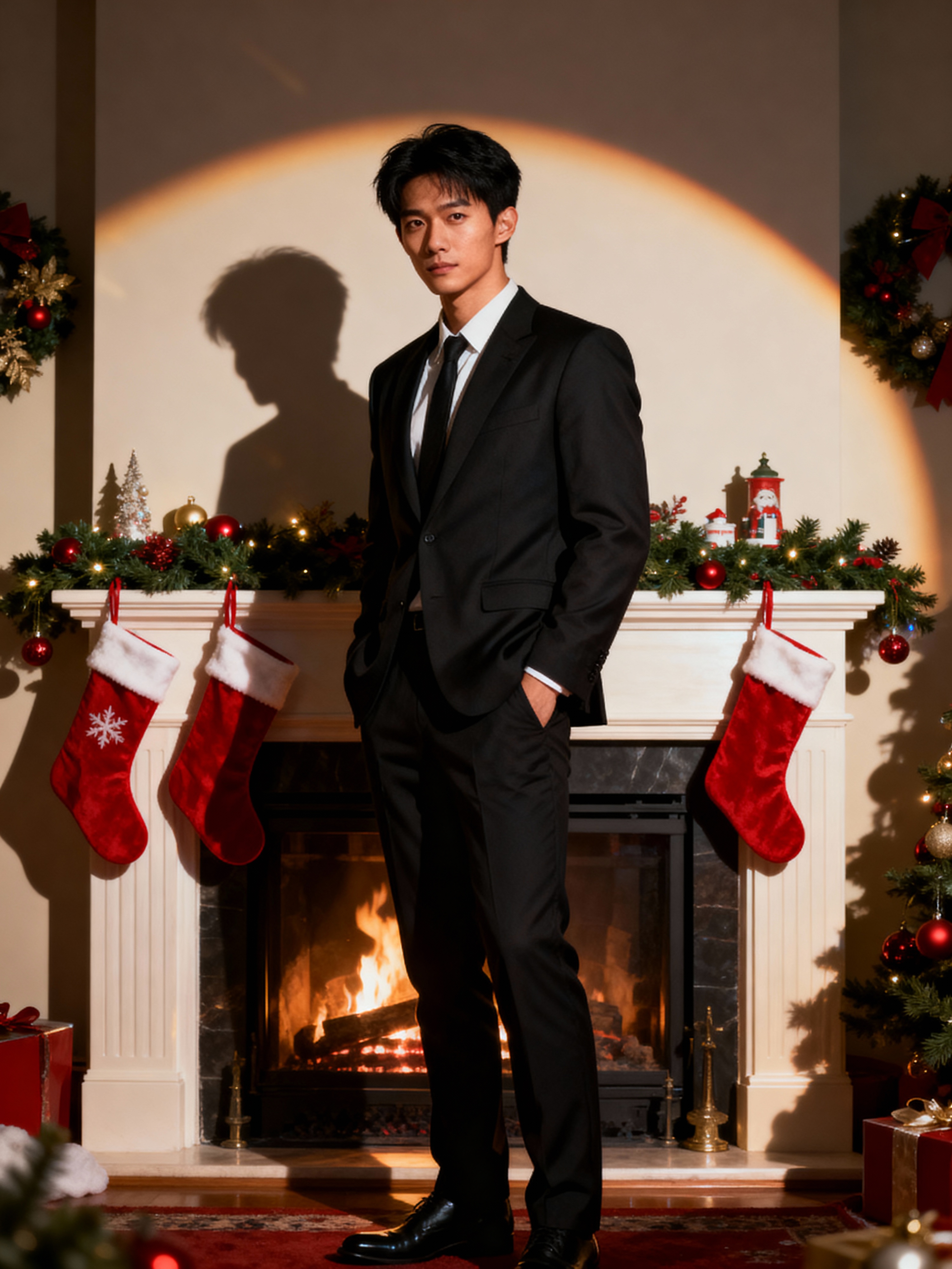 A model posing for a Christmas card photo, standing in front of a fireplace with stockings, garland, and holiday decorations.
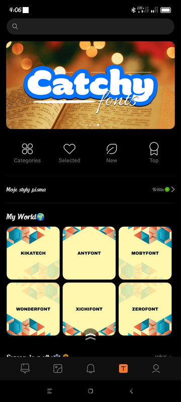 jediné co se povedlo zjistit je to že když v tématech listujete a kliknete na určité téma pak na jeho autora , převážně se objeví nabídka témata a v jednom případě ze sedmi se objeví í nabídka PÍSMO… stahovat jsem nezkoušel ,mám celkem pěkný font
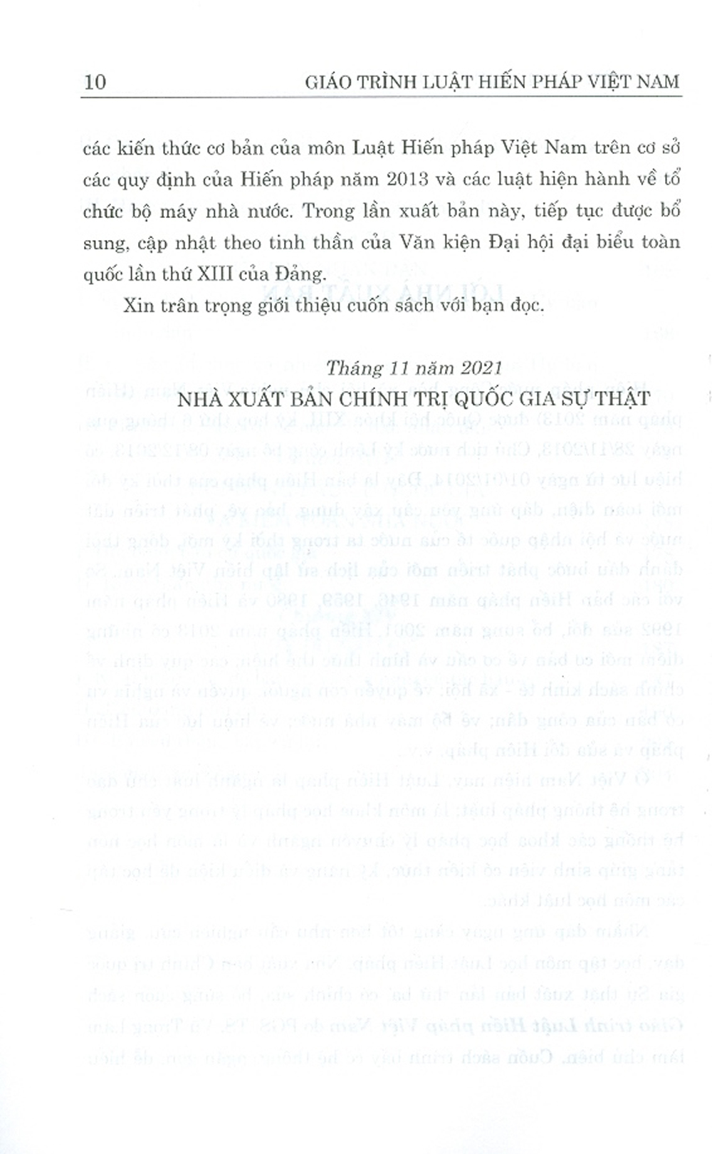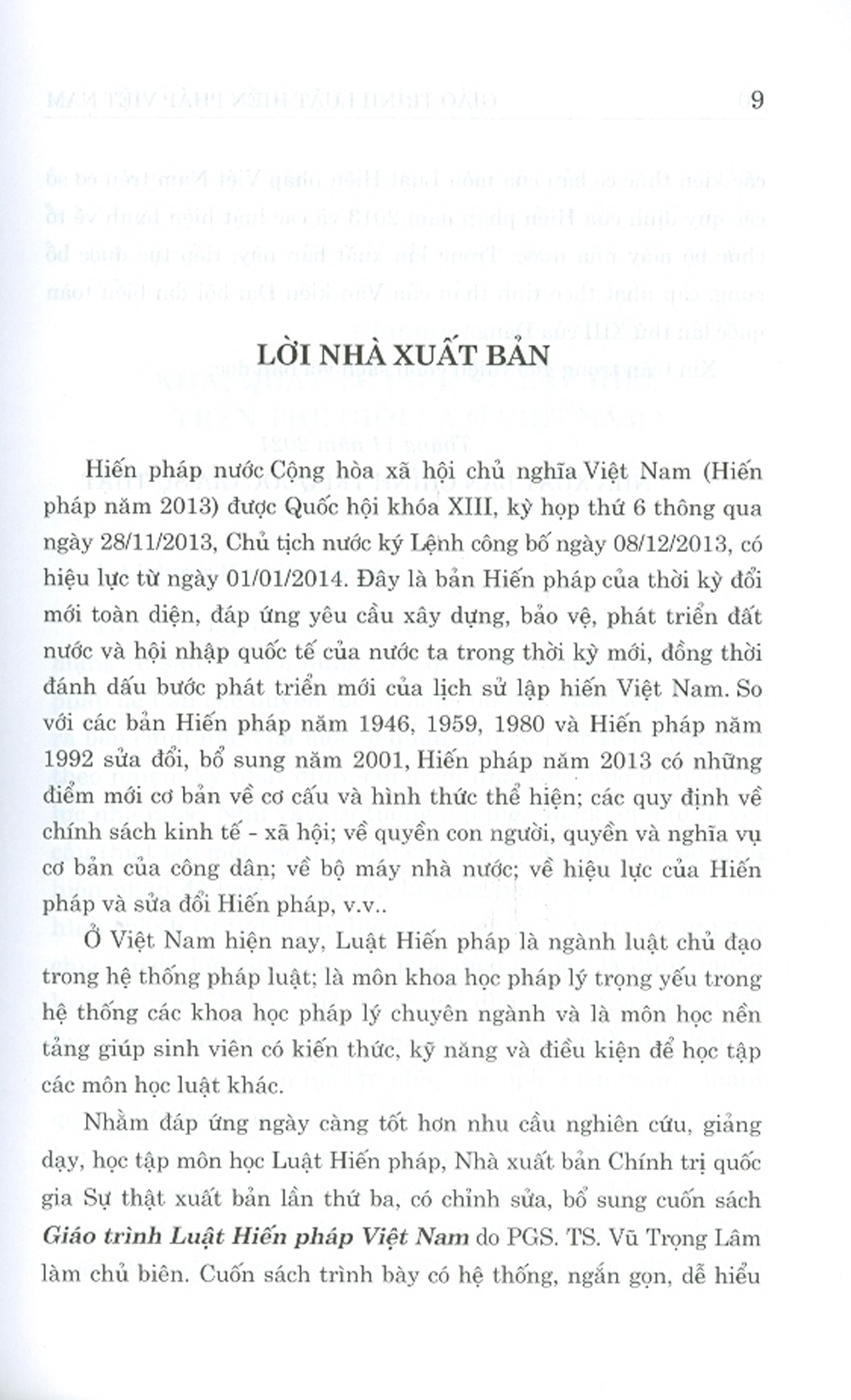 Nhằm đáp ứng ngày càng tốt hơn nhu cầu nghiên cứu, giảng dạy, học tập môn học Luật Hiến pháp, Nhà xuất bản Chính trị quốc gia Sự thật xuất bản lần thứ ba, có chỉnh sửa, bổ sung cuốn sách Giáo trình Luật Hiến pháp Việt Nam do PGS. TS. Vũ Trọng Lâm làm chủ biên. Cuốn sách trình bày có hệ thống, ngắn gọn, dễ hiểu các kiến thức cơ bản của môn Luật Hiến pháp Việt Nam trên cơ sở các quy định của Hiến pháp năm 2013 và các luật hiện hành về tổ chức bộ máy nhà nước. Trong lần xuất bản này, tiếp tục được bổ sung, cập nhật theo tinh thần của Văn kiện Đại hội đại biểu toàn quốc lần thứ XIII của Đảng.
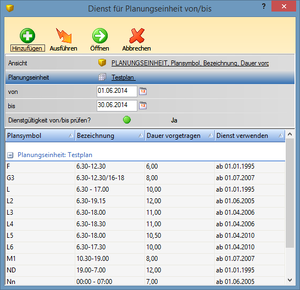 • Dauer: Die summierte Dauer der eingetragenen Planungscodes/Dienste/Aufgaben, etc.
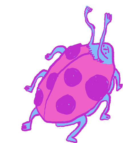 A cute pink ladybug with purple spots and blue limbs wiggles and dances happily. A fun animated insect sticker.
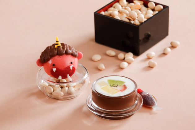 中段は「節分」をテーマに赤鬼と恵方巻に見立てたスイーツ
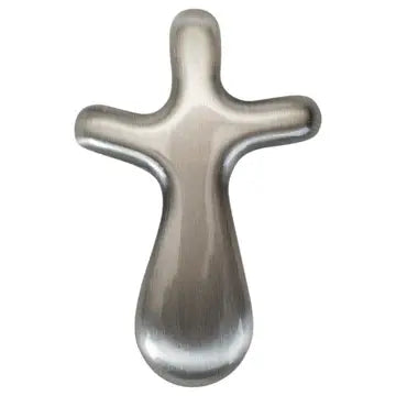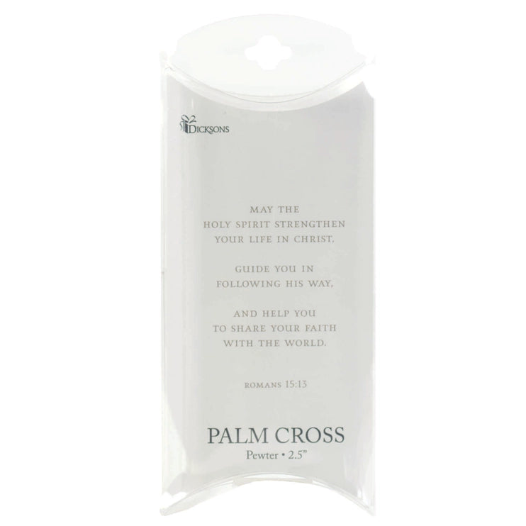 This Unique Little Cross Is Curved To Fit Just Right In Your Palm. My First Communion Is Printed On The Front Of The Gift Packaging, While The Back Shows: May The Holy Spirit Strengthen Your Life In Christ, Guide You In Following His Way, And Help You To Share Your Faith With The World. Romans 15:13. Made Of Solid Zinc Alloy Metal With A Brushed Pewter Tone Finish. Size Is 2.5 High x 1.5 Wide.

※

- Work instruction: Before you return the listing, strip out its pictures; all else must match exactly.

- Reply:
 A model posing for a Christmas card photo, standing in front of a fireplace with stockings, garland, and holiday decorations.
 jediné co se povedlo zjistit je to že když v tématech listujete a kliknete na určité téma pak na jeho autora , převážně se objeví nabídka témata a v jednom případě ze sedmi se objeví í nabídka PÍSMO… stahovat jsem nezkoušel ,mám celkem pěkný font
 Nhằm đáp ứng ngày càng tốt hơn nhu cầu nghiên cứu, giảng dạy, học tập môn học Luật Hiến pháp, Nhà xuất bản Chính trị quốc gia Sự thật xuất bản lần thứ ba, có chỉnh sửa, bổ sung cuốn sách Giáo trình Luật Hiến pháp Việt Nam do PGS. TS. Vũ Trọng Lâm làm chủ biên. Cuốn sách trình bày có hệ thống, ngắn gọn, dễ hiểu các kiến thức cơ bản của môn Luật Hiến pháp Việt Nam trên cơ sở các quy định của Hiến pháp năm 2013 và các luật hiện hành về tổ chức bộ máy nhà nước. Trong lần xuất bản này, tiếp tục được bổ sung, cập nhật theo tinh thần của Văn kiện Đại hội đại biểu toàn quốc lần thứ XIII của Đảng.
 • Dauer: Die summierte Dauer der eingetragenen Planungscodes/Dienste/Aufgaben, etc.
 A cute pink ladybug with purple spots and blue limbs wiggles and dances happily. A fun animated insect sticker.
 中段は「節分」をテーマに赤鬼と恵方巻に見立てたスイーツ
 This Unique Little Cross Is Curved To Fit Just Right In Your Palm. My First Communion Is Printed On The Front Of The Gift Packaging, While The Back Shows: May The Holy Spirit Strengthen Your Life In Christ, Guide You In Following His Way, And Help You To Share Your Faith With The World. Romans 15:13. Made Of Solid Zinc Alloy Metal With A Brushed Pewter Tone Finish. Size Is 2.5 High x 1.5 Wide.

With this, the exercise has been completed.